In [None]:
import numpy as np
import pandas as pd
from sklearn.model_selection import train_test_split
from sklearn.linear_model import Ridge, Lasso
from sklearn.metrics import mean_absolute_error, mean_squared_error, mean_squared_error
from sklearn.preprocessing import StandardScaler
from sklearn.datasets import fetch_california_housing


In [None]:
# Load California Housing dataset
data = fetch_california_housing()
X = data.data
y = data.target


In [None]:
# Apply Sturge's Rule to calculate the number of bins (k)
n = len(y)
k = int(np.ceil(np.log2(n) + 1))

# Stratified split (we need to discretize the target variable 'y' into bins)
bins = np.linspace(np.min(y), np.max(y), k)
y_binned = np.digitize(y, bins)

# Perform the stratified split
X_train, X_test, y_train, y_test = train_test_split(X, y, stratify=y_binned, test_size=0.2, random_state=42)


In [None]:
# Standardize the features
scaler = StandardScaler()
X_train = scaler.fit_transform(X_train)
X_test = scaler.transform(X_test)


In [None]:
# Train Ridge Regression Model
ridge_model = Ridge(alpha=1.0)
ridge_model.fit(X_train, y_train)

# Train Lasso Regression Model
lasso_model = Lasso(alpha=0.1)
lasso_model.fit(X_train, y_train)


In [None]:
# Predict with Ridge Model
ridge_pred = ridge_model.predict(X_test)

# Predict with Lasso Model
lasso_pred = lasso_model.predict(X_test)

# Calculate MAE, MSE, and RMSE for Ridge Model
ridge_mae = mean_absolute_error(y_test, ridge_pred)
ridge_mse = mean_squared_error(y_test, ridge_pred)
ridge_rmse = np.sqrt(ridge_mse)

# Calculate MAE, MSE, and RMSE for Lasso Model
lasso_mae = mean_absolute_error(y_test, lasso_pred)
lasso_mse = mean_squared_error(y_test, lasso_pred)
lasso_rmse = np.sqrt(lasso_mse)

# Print the results
print("Ridge Regression Results:")
print(f"MAE: {ridge_mae:.2f}")
print(f"MSE: {ridge_mse:.2f}")
print(f"RMSE: {ridge_rmse:.2f}\n")

print("Lasso Regression Results:")
print(f"MAE: {lasso_mae:.2f}")
print(f"MSE: {lasso_mse:.2f}")
print(f"RMSE: {lasso_rmse:.2f}")


Ridge Regression Results:
MAE: 0.53
MSE: 0.54
RMSE: 0.73

Lasso Regression Results:
MAE: 0.62
MSE: 0.69
RMSE: 0.83


Ridge Regression Results:
MAE: 0.53 → The average absolute error is relatively low, meaning that, on average, predictions deviate by about 0.53 units.
MSE: 0.54 → The mean squared error is slightly higher, indicating the presence of some larger errors, but they are not drastically significant.
RMSE: 0.73 → The root mean squared error suggests that predictions typically deviate by 0.73 units, which is slightly larger than the MAE due to the squared nature of MSE.
Lasso Regression Results:
MAE: 0.62 → Lasso’s mean absolute error is higher than Ridge’s, suggesting slightly less accurate predictions.
MSE: 0.69 → Lasso exhibits a higher MSE, indicating that its errors tend to be larger on average compared to Ridge.
RMSE: 0.83 → The RMSE for Lasso is also greater, reinforcing that its errors are more pronounced.
Key Observations:
Ridge Regression appears to outperform Lasso Regression across all three metrics (MAE, MSE, RMSE).
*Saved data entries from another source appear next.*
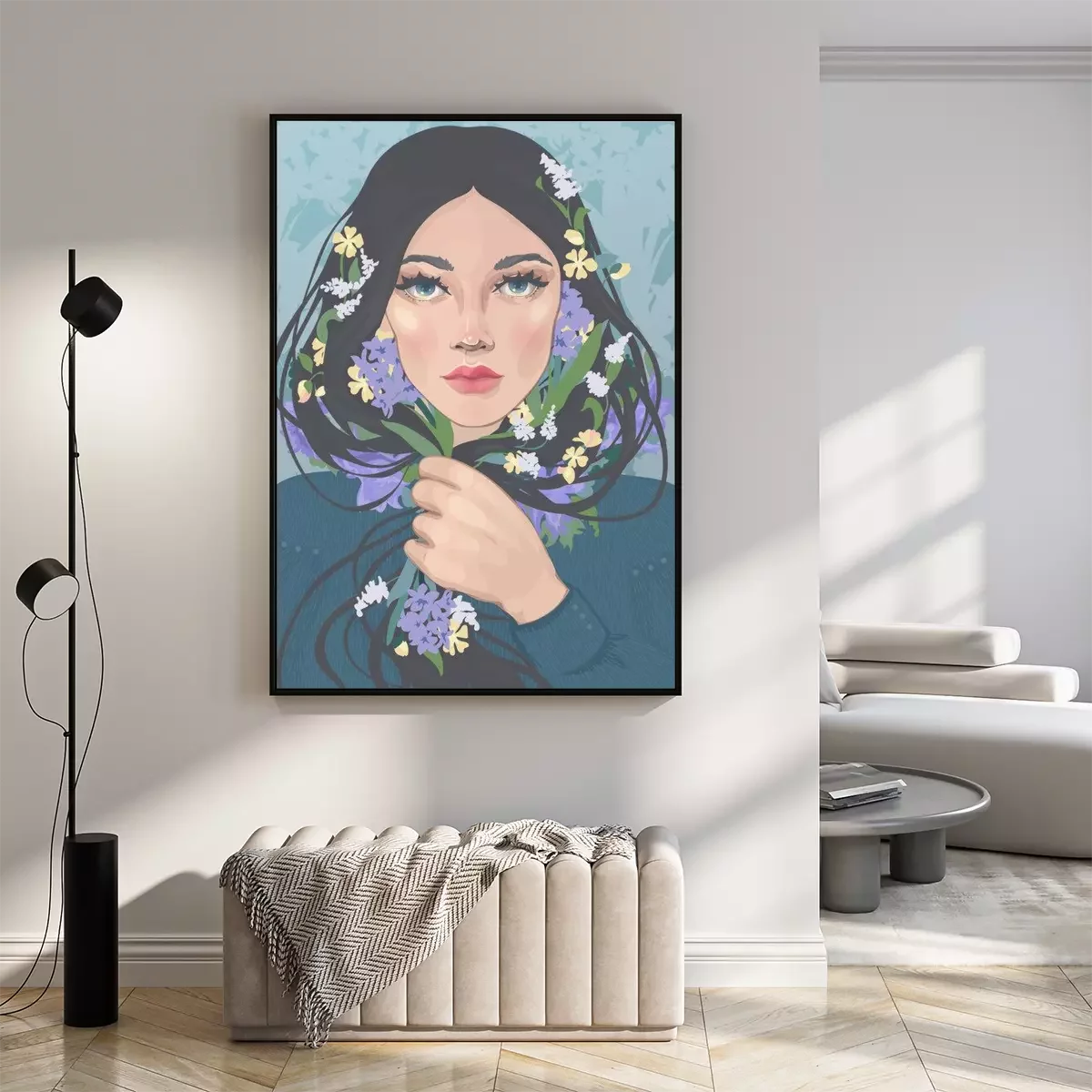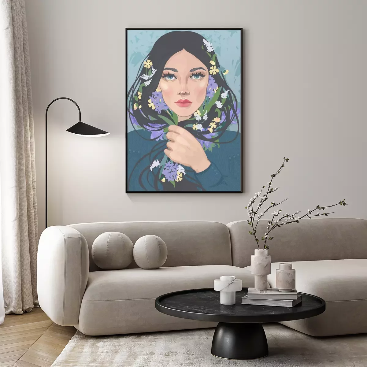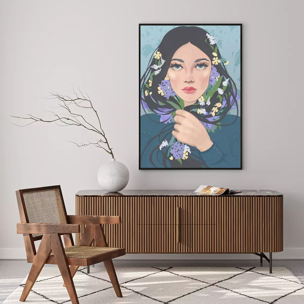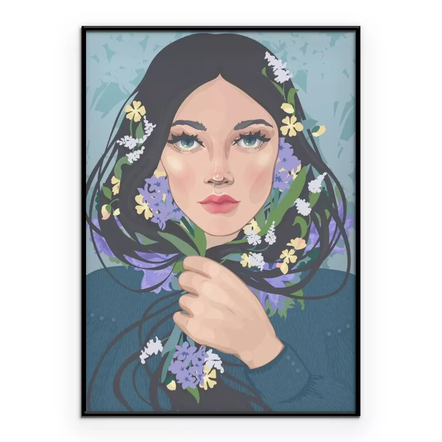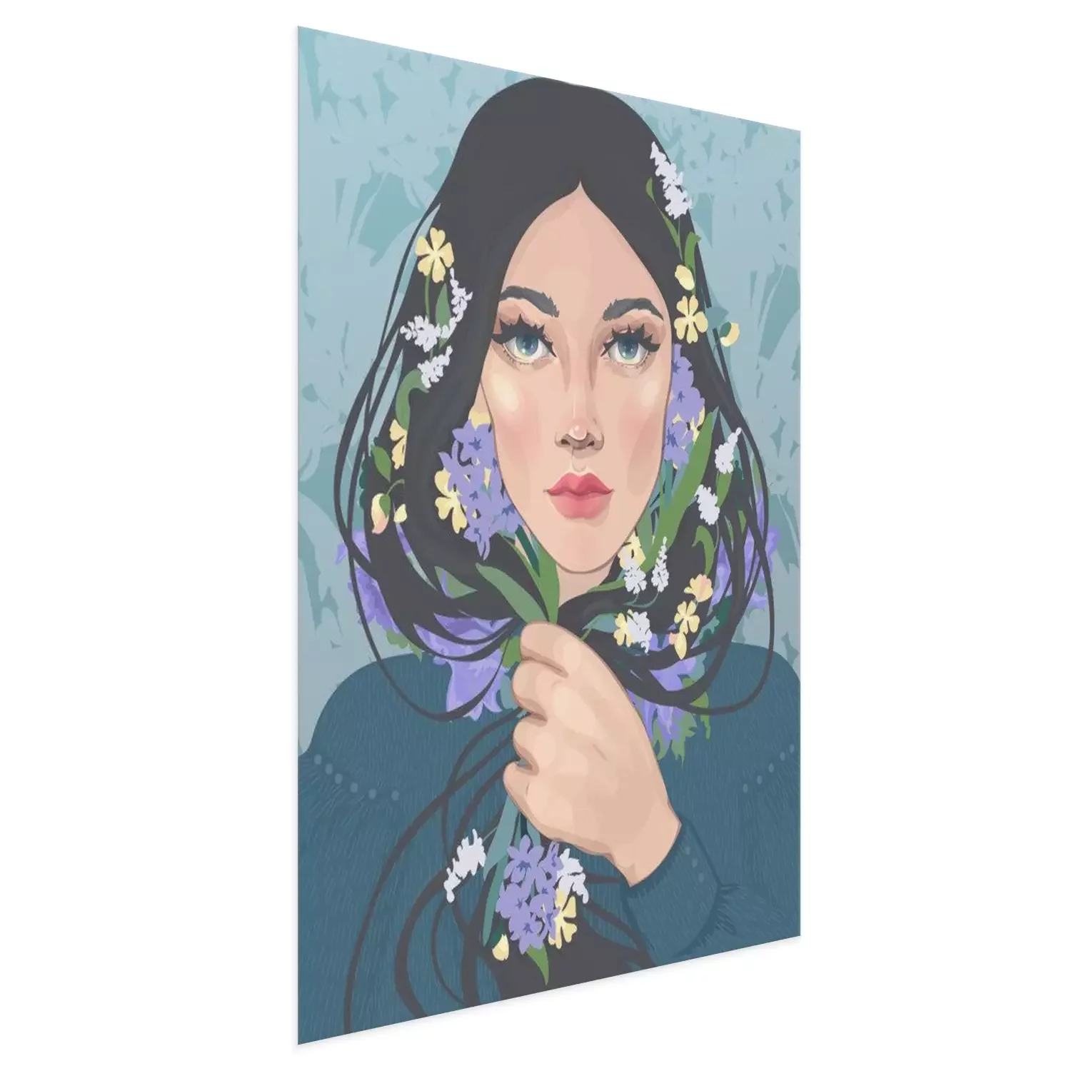 Poster: Donkerharige vrouw met kleurrijke bloemen in haar haar
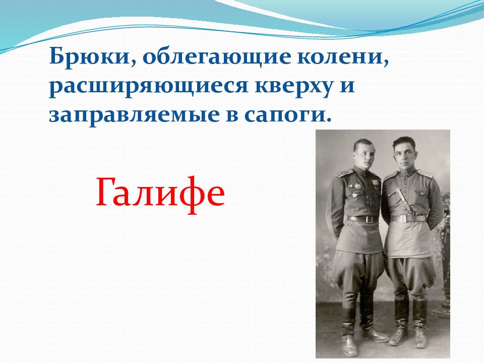 Брюки, облегающие колени, расширяющиеся кверху и заправляемые в сапоги. Галифе
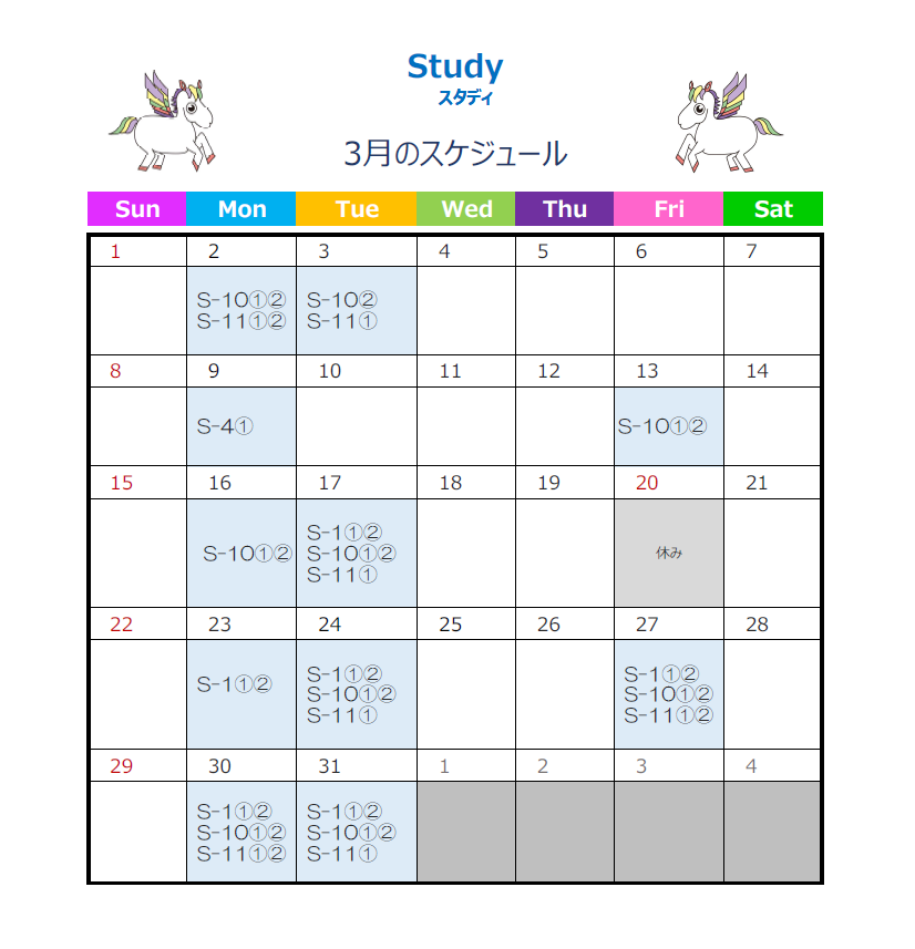 【Study(スタディ)】開講カレンダー
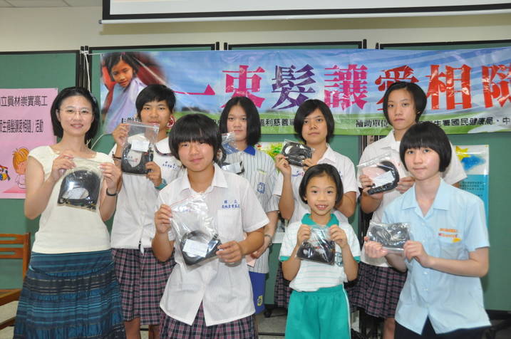 由切膚之愛基金會所主辦的「崇實師生一束髮讓愛相隨」活動, (2)日在設計師的巧手下,國立員林崇實高工十位師生,捐出她們最寶貝的頭髮,讓留有一頭烏黑亮麗秀髮的師生們,也傳遞了對癌友最真摯的愛。
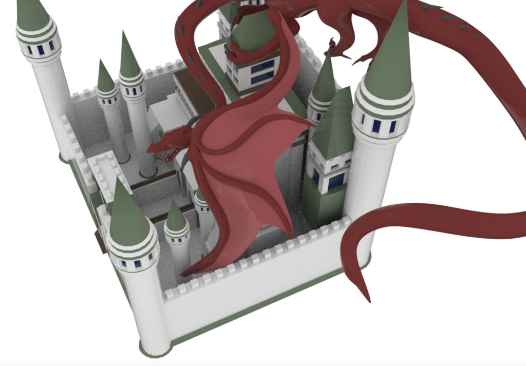 DESCRIPTION: I decided to to a life-like detailed dragon on a castle for my final project in my 3D Printing and Modeling II course. The show Game of Thrones is what originally inspired me to pursue animation, so I wanted to create something that would celebrate the show, but in my own creative way. I enjoyed modeling the dragon’s head the most, adding dozens of multiple meshes to create a realistic, fear-provoking dragon.
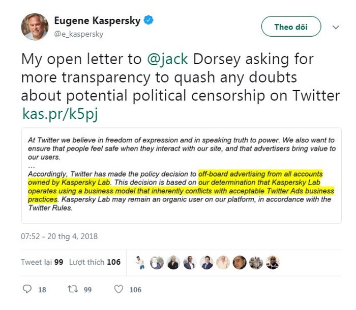 Trong một bức thư gửi tới Kaspersky, Twitter có viết: "Twitter đã đưa ra quyết định loại bỏ tất cả quảng cáo từ các tài khoản thuộc sở hữu của Kaspersky Labs. Điều này dựa trên quyết định của chúng tôi rằng mô hình kinh doanh của Kaspersky Lab xung đột với các chính sách quảng cáo của Twitter".
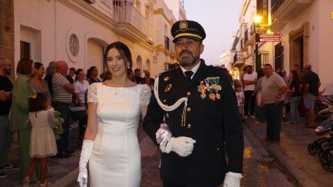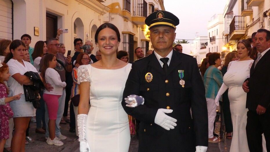 Aplausos y emoción en la joven representante del Club de Funcionarios de la Policía Local de Rota, que recibía su banda de honor y corona por parte de la máxima autoridad local. Además, y como es habitual, al diseño del traje que lucen todas, se le añadía en esta ocasión otros atributos para destacarla del resto de su corte de honor, que la delegada de Fiestas, Esther García, se encargó de colocar, así como fijar la corona diseñada y donada por la empresaria María Eugenia Rodríguez Jaén.
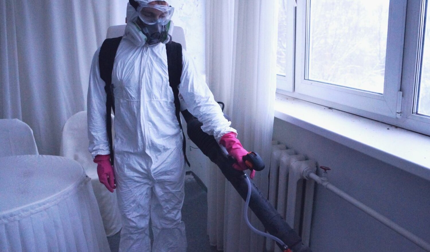 специалист проводит дезинсекцию подоконника, где стояли растения
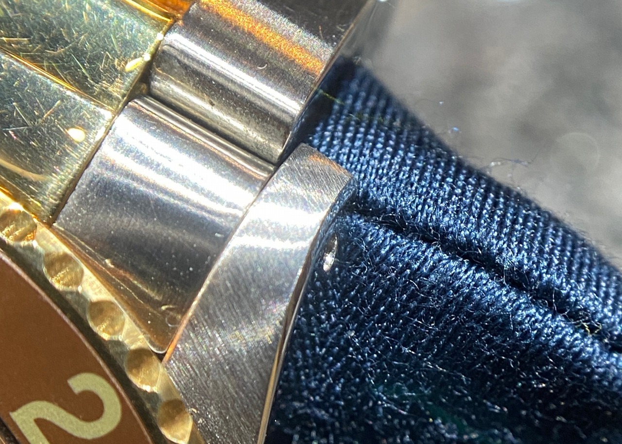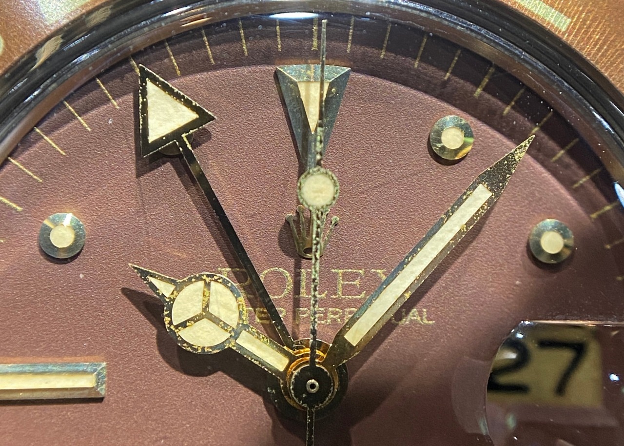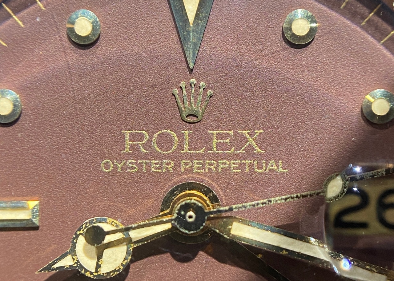 18Kゴールドなのに対し、 Ref.16753ルートビアは王冠マークはプリントされております。 ダイヤルもRef.1675/3はマットダイヤル(一部最終ダイヤル除く)、 Ref.16753は艶ありダイヤルになります。
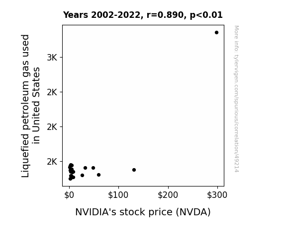 This means 79.3% of the change in the one variable (i.e., NVIDIA's stock price (NVDA)) is predictable based on the change in the other (i.e., Liquefied petroleum gas used in United States) over the 21 years from 2002 through 2022.
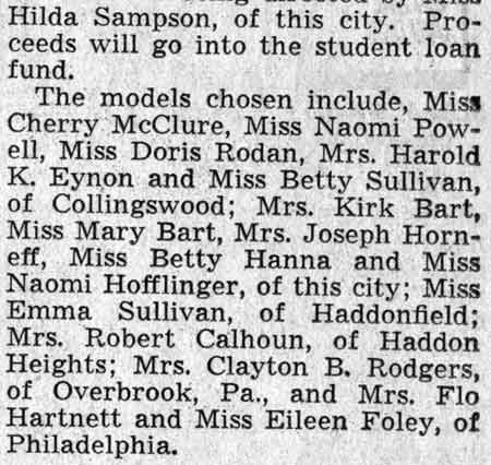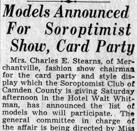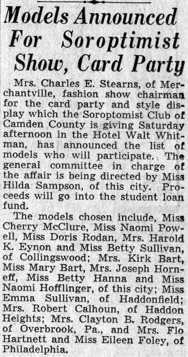 Soroptimists Plan 'Dress Parade' as Benefit Feature A "dress parade" at two o'clock will precede the Camden Soroptimist card party this Saturday at the Hotel Walt Whitman, here. The affair, planned under the direction of Mrs. Hazel B. Hackett. past president, and Miss Marguerite C. Rudder, who now holds that office, is one of the most elaborate benefit ventures of the club this year and proceeds will be added to the convention fund. Miss Jane Anderson, of this city, and Miss Helen Newkirk, of Collingswood, are co-chairmen of the fashion show, which will include a number of the latest knitted suits and coats. Models will be Mrs. M. Himmelein, Mrs. Harry Cramer, Miss Adelaide McGuire, Miss Charlotte Gravatt, Miss Mildred L. Buzby, Mrs. Joseph Bantivoglio and Mrs. Mary Koch, who will display cloth suits, coats, day and evening frocks, and Miss Jean Lamb, Miss Doris Rodan, Miss Olga Borch and Mrs. Harold K. Eynon, who will wear knitted attire. Cards will follow the display. |
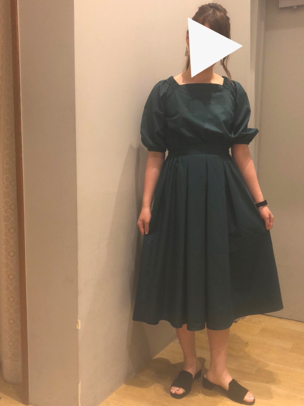シルエットがきれいなワンピース👗 タックが入ってるけど、そこまで広がらずに着れるのがおすすめ( ˊᵕˋ* ) ウエストマークも高めにあってスタイルアップ効果もバツグン✩*.゚
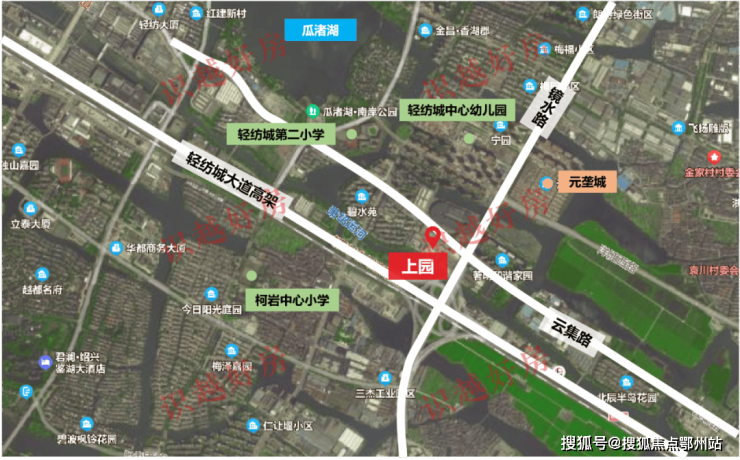 上园位于瓜渚湖板块——柯桥区镜水路与云集路交叉口,近享约 2万方商业综合体元垄天空MALL(在建),轻纺城中心幼儿园、轻纺城第二小学、鲁迅外国语学院等教育资源环伺,居住氛围浓厚。
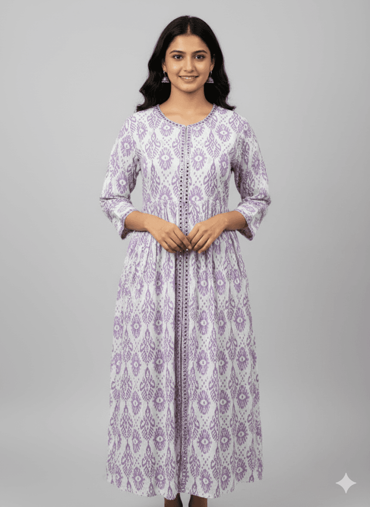 Purple And White Charming Anarkali Kurti from our casual-wear-kurtis collection in Sri Lanka. 40″ – 41″ inches length is crafted with high-quality materials to ensure comfort and style. Purple And White Charming Anarkali Kurti Perfect for women seeking both style and comfort in Sri Lanka. Purple And White Charming Anarkali Kurti Ideal for parties, casual outings, and special occasions. Purple And White Charming Anarkali Kurti Perfect for women seeking both style and comfort in Sri Lanka.
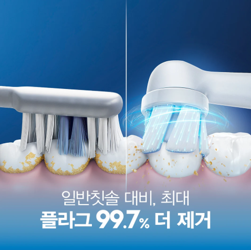 일반 칫솔 대비 최대 99.7%의 플라그 제거 효과를 제공한다고 알려져 있습니다.
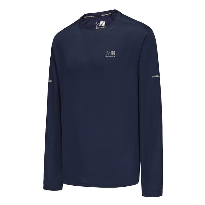This Karrimor Long Sleeve Run T Shirt is crafted with long sleeves and a crew neckline for a classic look. It features flat lock seams to prevent chafing and is a lightweight construction. This t shirt is a solid colouring throughout designed with a signature logo and is complete with Karrimor branding. -
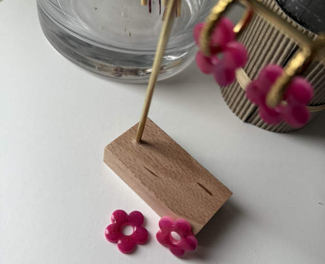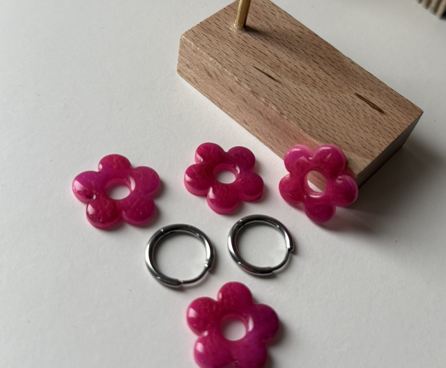 Toutes les fleurs sont faites à la main, en pâte polymère, et sont recouvertes d’une couche de résine pour plus de brillance sur la face avant des pampilles.
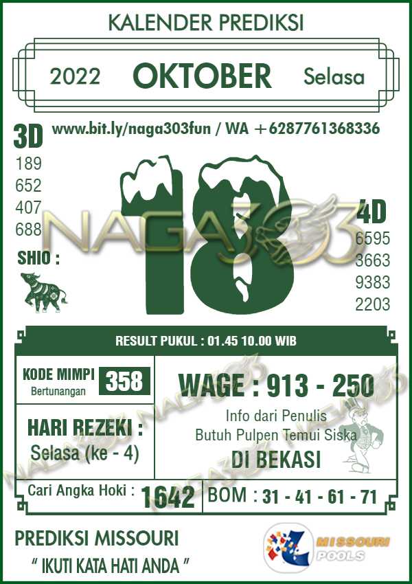 Prediksi Missouri Pools Selasa 18 Oktober 2022 | Web Toto Naga303
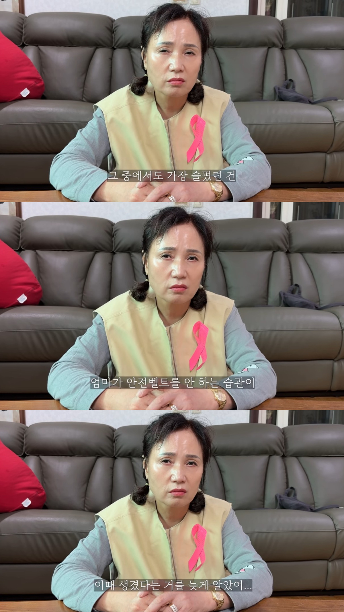 그는 “그중에서도 가장 슬펐던 건 엄마가 안전벨트를 안 하는 습관이 이때 생겼다는 걸 늦게 알았다는 것”이라며 “유방암 환자들은 안전벨트를 하면 자꾸 자극되기 때문에 좋지 않다더라”고 말했다. 그러면서 “안전벨트가 아니라 환자들에게는 위험벨트라는 걸 한동안 내가 잘 몰랐지…”라고 말끝을 흐렸다.
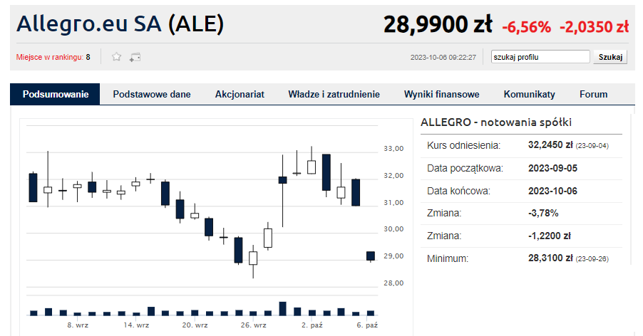 W czwartek po sesji agencja Bloomberga poinformowała, że fundusze Cidinan i Mepinan, czyli dwóch dużych akcjonariuszy Allegro, są gotowe sprzedać 42 mln akcji giganta e-commerce w procesie przyspieszonej budowy księgi popytu. Cenę ustalono na 29 zł, czyli od 6,6 proc. niżej od zamknięcia w czwartek.

This suggests that Ridge is capturing the underlying trends in the data more effectively while maintaining generalizability.
Lasso Regression, although useful for feature selection by driving some coefficients to zero, may not be as effective here, possibly because the dataset lacks excessive irrelevant features that would benefit from Lasso’s regularization.
Potential Next Steps:
Hyperparameter Optimization: Experimenting with different values of the alpha parameter for both Ridge and Lasso may further enhance their performance.
Alternative Models: Since Ridge is performing better, exploring ElasticNet (a combination of Ridge and Lasso) might be beneficial. Additionally, trying out tree-based models like Random Forest or XGBoost could provide further improvements.
Cross-Validation: Implementing k-fold cross-validation can help ensure that the model’s performance is robust and not dependent on a specific train-test split.